N: So governments should exercise more leverage over those companies?

PS: Yes, there are many ways to do this. For example, as a condition of support EDC should require companies to engage in rigorous human rights due diligence and should itself undertake a human rights impact assessment of a proposed project. If it’s clear that that a project cannot be undertaken without violating human rights, then should we actually be supporting that company?

N: So what needs to change for governments – here in Canada or elsewhere – to decide they need to incentivize companies in this manner?

PS: That’s the big question. How do we develop political will for this? The Intergovernmental Panel on Climate Change’s recent report is a wake-up call. The IPCC has called on us to change the way we live and do business if we want to avoid a temperature rise of 1.5 degrees Celsius. The report notes that sustainable development is key and that “[s]ocial justice and equity are core aspects of climate-resilient development pathways … as they address challenges and inevitable trade-offs, they widen opportunities, and ensure that options, visions and values are deliberated between and within countries and communities, without making the poor and disadvantaged worse-off”. The action that we take has to be focused on that. Here in Canada we have to think about how extractive companies contribute directly to climate change, particularly oil and gas and coal, but also how they contribute to indirectly. Many of them operate in a way that is unsustainable, through their impacts on the environment and on the human rights of individuals and communities.

N: What would be a first good step to ensure better corporate accountability?

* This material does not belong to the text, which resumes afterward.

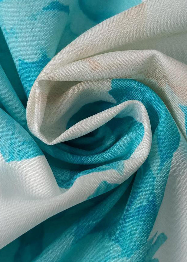 Elegant Blue V Neck Print Cotton Maxi Dresses Petal Sleeve
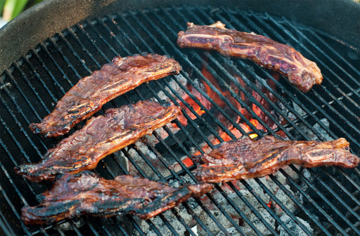 Разогреть гриль или сковроду-гриль; смазать маслом решетку. Обжарить ребра на сильном огне, перевернув один раз, до четких подпалин, около 6 минут. Переложить мясо на тарелку. Подавать с дольками лимона и шинкованной капустой.

PS: The first step would be for Canada to adopt a comprehensive legislative framework that requires companies to respect human rights and to engage in human rights due diligence, and the latter should be overseen by an independent monitoring body. It should also include a range of incentive mechanisms —we’ve talked about some already. We also need to establish parent company or even enterprise liability in Canadian courts for companies that violate human rights abroad, and maybe certain reporting obligations. Finally, where companies commit or are complicit in criminal activity — like slavery, torture, forced labour, gang rape – then we need criminal sanctions to allow prosecution of corporations and the senior officers responsible for decisions that led to such conduct.

The Tarnopolsky Award is given by the Canadian Section of the International Commission of Jurists each year to a Canadian resident who has made an outstanding contribution to human rights, domestically or internationally. The selection committee is comprised of one representative from the Canadian Bar Association, the Canadian Judges’ Conference, the Canadian Society of Law Teachers and the ICJ.